-- Input for this task follows --
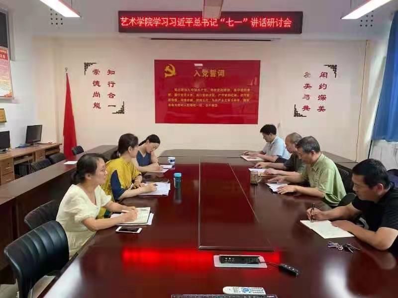 7月6日,艺术学院党委在11208会议室召开学习习近平总书记“七一”讲话精神研讨会,艺术学院全体处级干部和党委委员参加了会议。
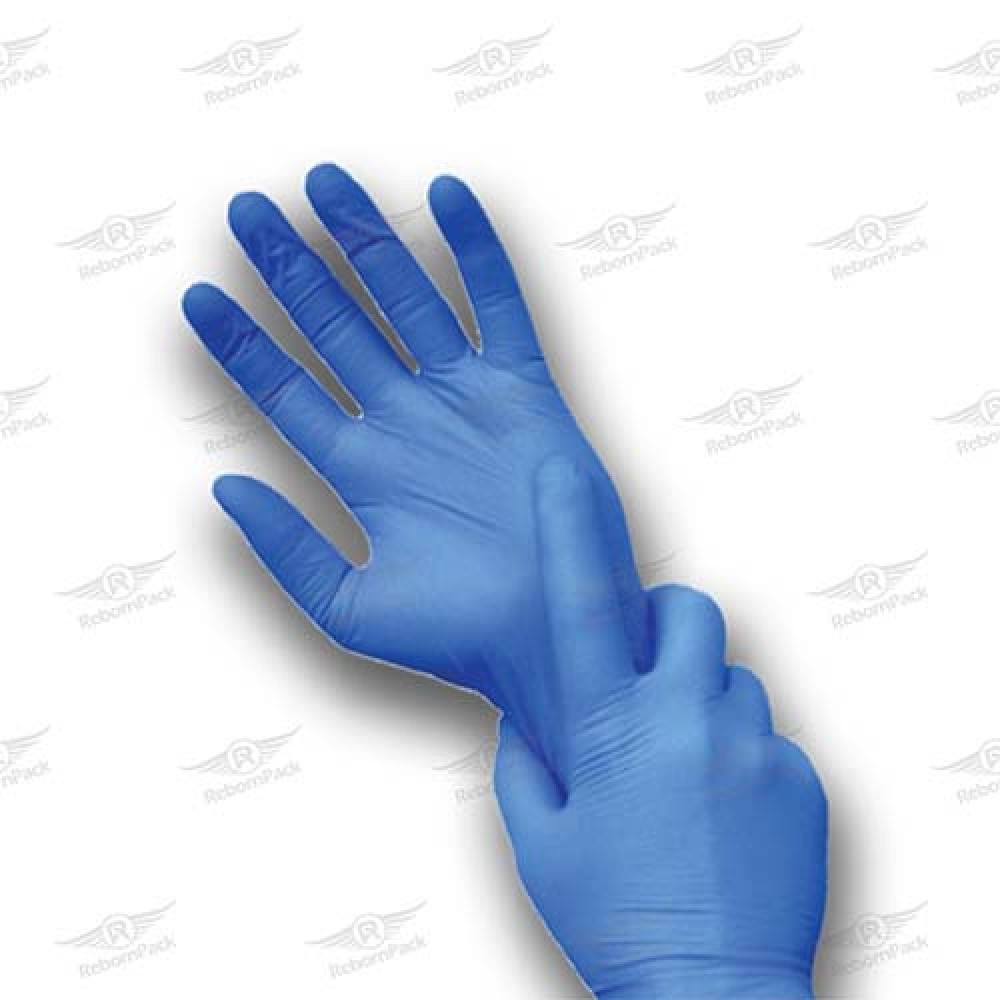 Μπλε γάντια νιτριλίου, μιας χρήσης, χωρίς πούδρα.
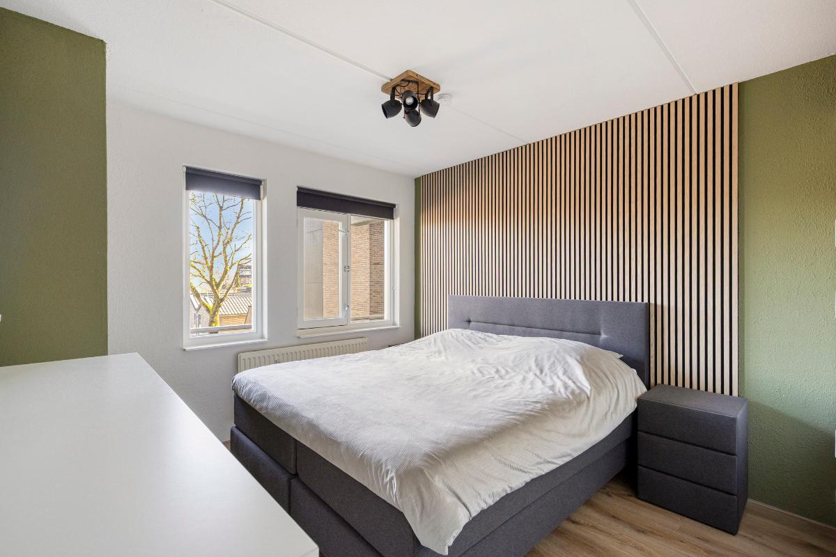 Slaapkamer: De master slaapkamer is gelegen aan de voorzijde is voorzien van gestuukte en geschilderde wanden, wat zorgt voor een rustige en verzorgde uitstraling. Voor optimaal comfort zijn er rolgordijnen en verduisterende rolluiken (2024, elektrisch bedienbaar met een afstandsbediening).
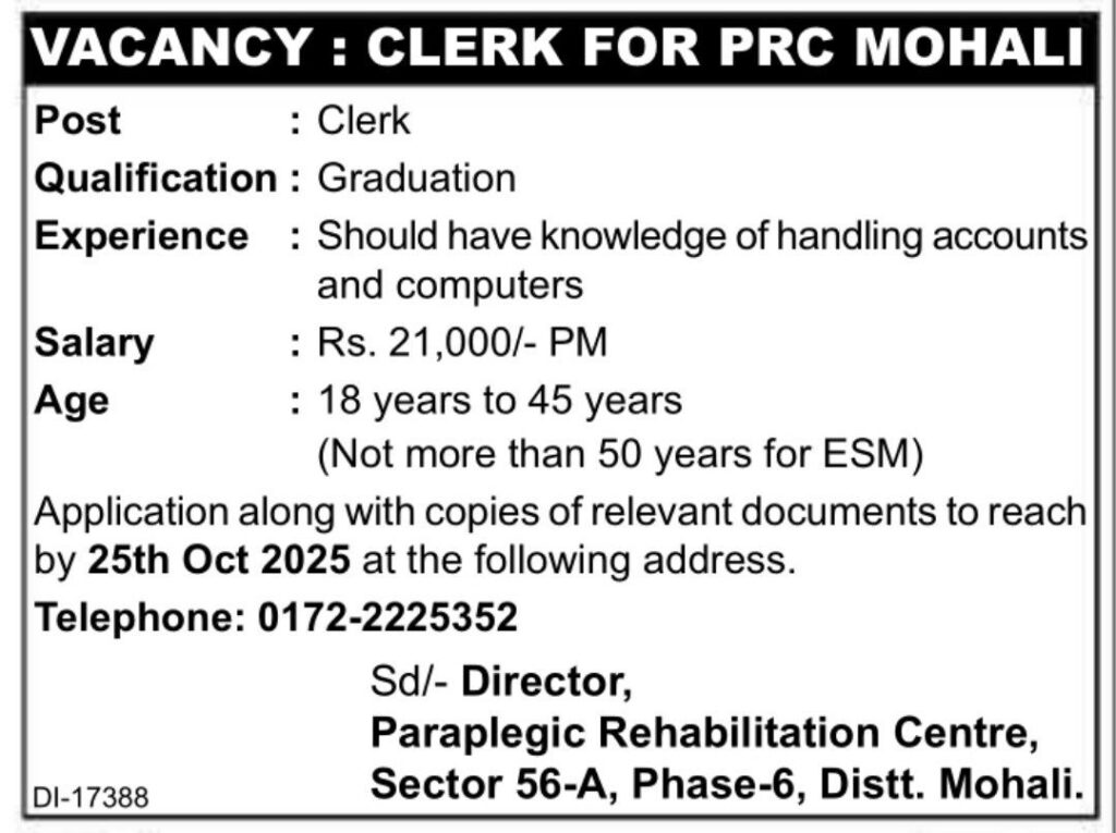 PRC Mohali Clerk Vacancy 2025 Eligibilities
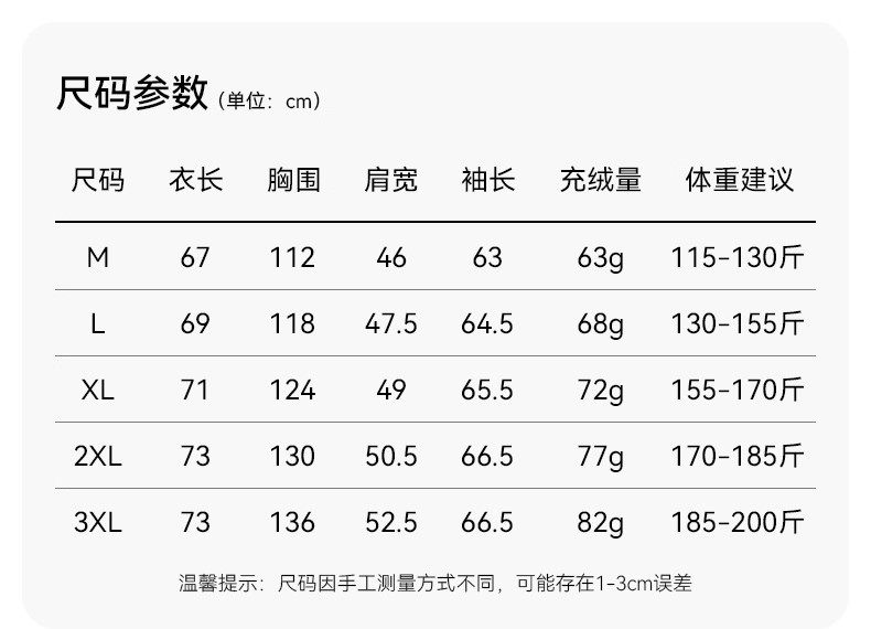 China (cm) 165 / 88-90 170 / 96-98 175 / 108-110 180 / 118-122 185 / 126-130
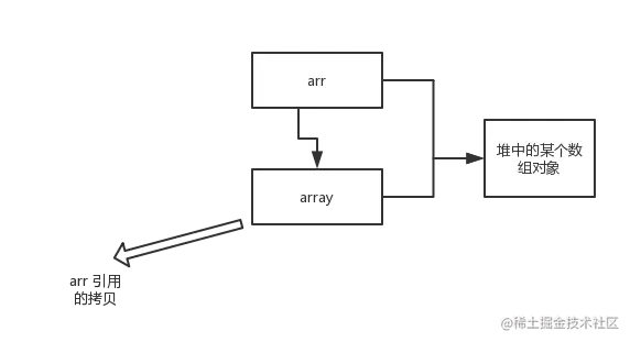 array 被初始化 arr 的拷贝也就是一个对象的引用,也就是说 array 和 arr 指向的时同一个数组对象。 因此,外部对引用对象的改变会反映到所对应的对象上。
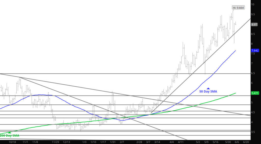Having issues with the internet while traveling — my apologies — Market down in Sunday night trade — not sure of any meaning. Continue to play to the ranges selling near $9.00 and buying dips especially into the low $8.60’s for now.
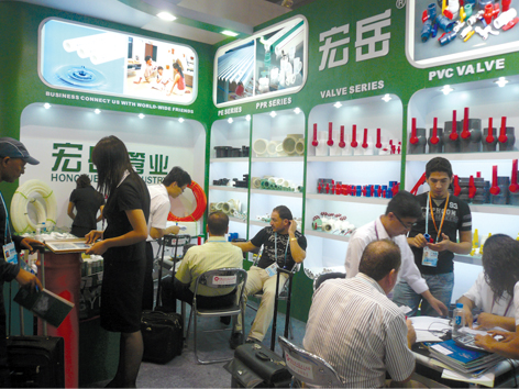 在本届广交会期间,来自欧洲、南美、北美、中东、非洲、东南亚等世界各地的众多客商站在华体会(中国)hth的展位前,拿起精致的华体会(中国)hthMacroAlp系列PPR管材管件,询问不停;更多的客户对华体会(中国)hth齐全的PPR、PVC球阀系列产品包括八角球阀、内螺纹球阀、铜芯球阀、组装阀、蝶阀等纷纷带走样品,购买意向非常明确,另外许多用户在5天展期内在货比多家后,多次来到展位前洽谈购买细节,最终签订合作协议,不但证明了华体会(中国)hth产品的优秀品质得到了客户和市场的检验,同时极大的鼓舞了外贸部所有人员的工作激情和斗志。
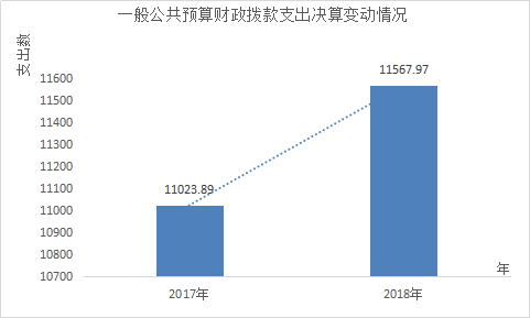 2018年一般公共预算财政拨款支出11567.97万元,占本年支出合计的99.59%。与2017年相比,一般公共预算财政拨款增加544.08万元,增长4.94%。主要变动原因是基本支出和项目支出增加。
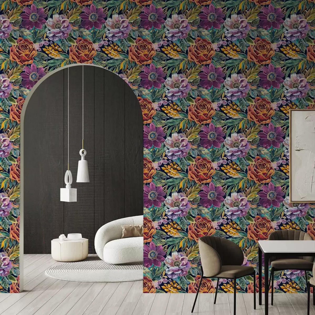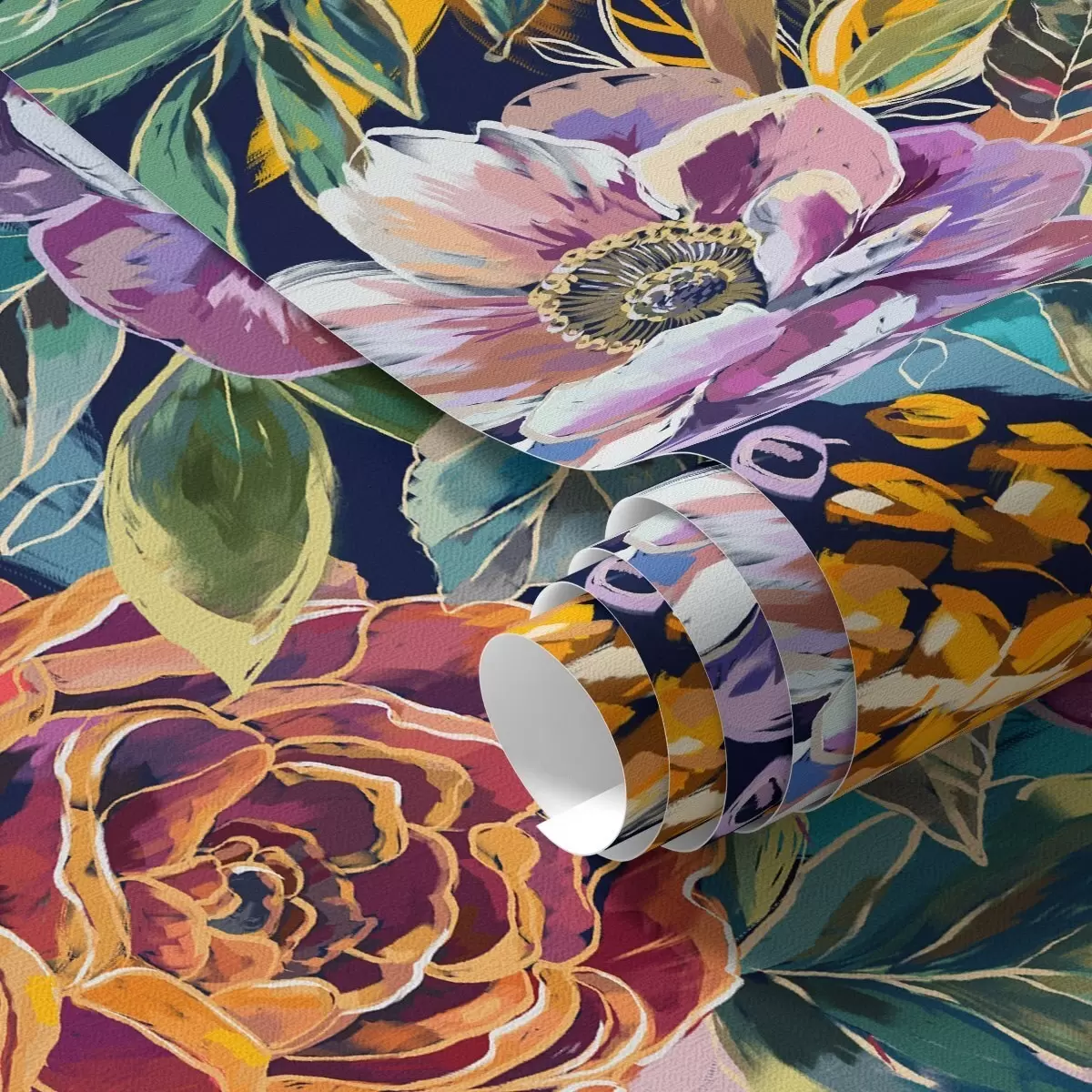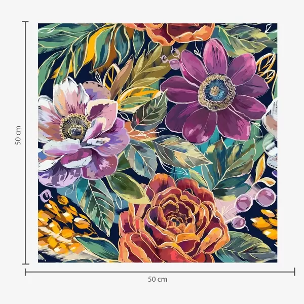 Tapet Flori mari, pictate cu pensula, pe un fundal albastru închis Nr. a00643
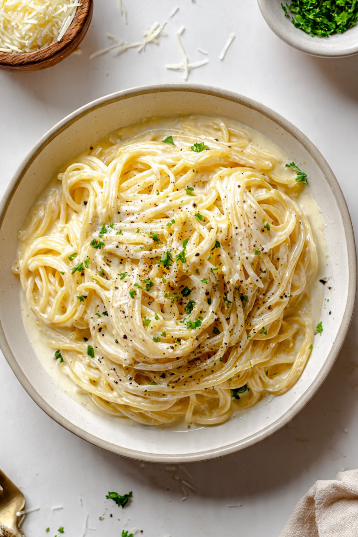 Twirl the pasta into neat nests using tongs before plating. Finish with a light sprinkle of parsley and a touch of freshly cracked pepper. Serve in wide white bowls to highlight the creamy texture.
-- Input for this task concluded --
:: Exercise objective ::
When you reach the line with "Μπλε γάντια νιτριλίου, μιας" in the entries above, start copying, and go on word for word to the last line; skip any picture.

:: Output ::
 Μπλε γάντια νιτριλίου, μιας χρήσης, χωρίς πούδρα.
 Slaapkamer: De master slaapkamer is gelegen aan de voorzijde is voorzien van gestuukte en geschilderde wanden, wat zorgt voor een rustige en verzorgde uitstraling. Voor optimaal comfort zijn er rolgordijnen en verduisterende rolluiken (2024, elektrisch bedienbaar met een afstandsbediening).
 PRC Mohali Clerk Vacancy 2025 Eligibilities
 China (cm) 165 / 88-90 170 / 96-98 175 / 108-110 180 / 118-122 185 / 126-130
 array 被初始化 arr 的拷贝也就是一个对象的引用,也就是说 array 和 arr 指向的时同一个数组对象。 因此,外部对引用对象的改变会反映到所对应的对象上。
Having issues with the internet while traveling — my apologies — Market down in Sunday night trade — not sure of any meaning. Continue to play to the ranges selling near $9.00 and buying dips especially into the low $8.60’s for now.
 在本届广交会期间,来自欧洲、南美、北美、中东、非洲、东南亚等世界各地的众多客商站在华体会(中国)hth的展位前,拿起精致的华体会(中国)hthMacroAlp系列PPR管材管件,询问不停;更多的客户对华体会(中国)hth齐全的PPR、PVC球阀系列产品包括八角球阀、内螺纹球阀、铜芯球阀、组装阀、蝶阀等纷纷带走样品,购买意向非常明确,另外许多用户在5天展期内在货比多家后,多次来到展位前洽谈购买细节,最终签订合作协议,不但证明了华体会(中国)hth产品的优秀品质得到了客户和市场的检验,同时极大的鼓舞了外贸部所有人员的工作激情和斗志。
 2018年一般公共预算财政拨款支出11567.97万元,占本年支出合计的99.59%。与2017年相比,一般公共预算财政拨款增加544.08万元,增长4.94%。主要变动原因是基本支出和项目支出增加。
 Tapet Flori mari, pictate cu pensula, pe un fundal albastru închis Nr. a00643
 Twirl the pasta into neat nests using tongs before plating. Finish with a light sprinkle of parsley and a touch of freshly cracked pepper. Serve in wide white bowls to highlight the creamy texture.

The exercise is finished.